Pensez-vous que le secteur financier devra désormais fonctionner selon des règles plus strictes l'obligeant à réduire l'ampleur des risques ?

L'origine de la crise a été largement identifiée, en particulier les trous dans la régulation financière, ou encore le caractère déstabilisant de cette régulation. Quelques principes ont été posés : combler les failles de la régulation, modifier les incitations au niveau individuel (bonus) et collectif (ratios de capitalisation), prendre en compte le risque systémique, traiter la question des banques « trop grandes pour faire faillite ». Ces principes trouverontils une application technique ? Surtout, tiendront-ils la route dans la durée ? Résisteront-ils aux groupes de pression bancaires et à la tentation des gouvernements, au nom de l'emploi, de baisser la garde sur les nouvelles réglementations ? Quant aux dispositifs créés à l'occasion de la crise pour préserver à l'avenir la stabilité financière, comme, en Europe, le Comité des risques systémiques, quel sera leur champ d'action ? Leur relation avec la politique monétaire qui, on le sait, joue un rôle important dans les bulles financières ? Leur relation avec les gouvernements qui, in fine, supportent le coût des recapitalisations et détiennent certains leviers du risque systémique, comme la fiscalité sur l'immobilier ?

Pour l'économiste que vous êtes, la croissance verte permettra-t-elle au « monde d'après » de retrouver les niveaux de croissance dynamiques que l'on a connus dans le passé ?

Non, et ce, pour trois raisons.
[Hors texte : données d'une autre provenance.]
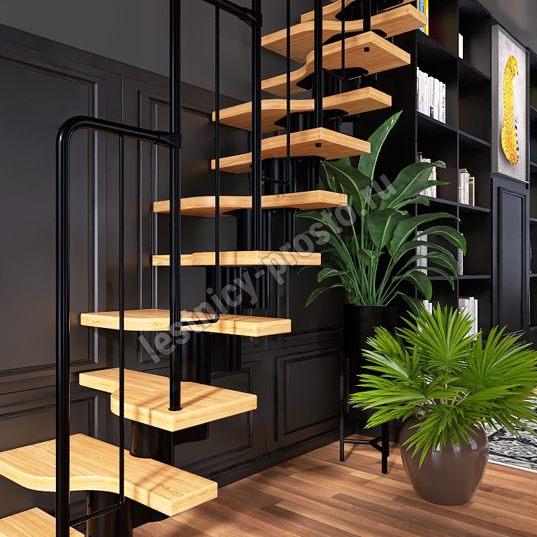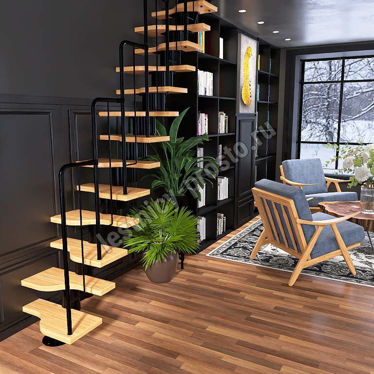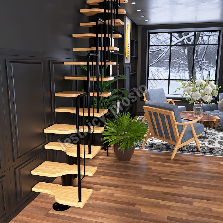 Лестница Prosto Urban Black гусиный шаг 700 мм/Ступени из срощенного дуба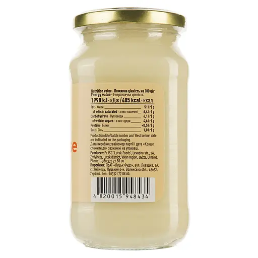 Люблю цю торгівельну марку!!! Все у них гарної якості ,завжди в стеклі ,починаючи з соусу і закінчуючи оцетом !!!без перебільшення крутий бренд ,який любить свого покупця !!!!!! Майонез не став винятком!!! Іноді хочеться легкий салатик ,з малим відсотком жирності!!! Круто підійде,тим хто на дієті!!!бо майонези нижче 50% то не майонез а лайно !!!!рекомендую Щіро !!!!!!

D'abord, les technologies dites propres seront des innovations certes importantes, comme naguère le moteur à explosion ou l'électricité, mais leur adoption entraînera un coût, égal en principe au coût des taxes et marchés de droits mis en place justement pour inciter les entreprises et les ménages à adopter ces nouvelles technologies. Ces coûts supplémentaires freineront la croissance à moyen terme, même s'ils permettent de faire durer plus longtemps cette croissance. Ensuite, cette mutation technologique interviendra à un moment où, si des régulations contraignantes sont effectivement imposées au secteur financier, emprunter pour investir sera plus coûteux. Enfin, mais ce n'est pas lié à la crise, le déclin démographique relatif des pays occidentaux jouera aussi contre la croissance. Le « monde d'après » pourrait donc être un monde plus lent, même si cela ne sera pas nécessairement le cas partout dans le monde. À l'horizon 2030, un enjeu essentiel est de savoir si l'Afrique subsaharienne, dont la population dépassera alors celle de la Chine et de l'Inde, pourra, ou non, prendre le relais de la croissance mondiale...

* Centre d'études prospectives et d'informations internationales.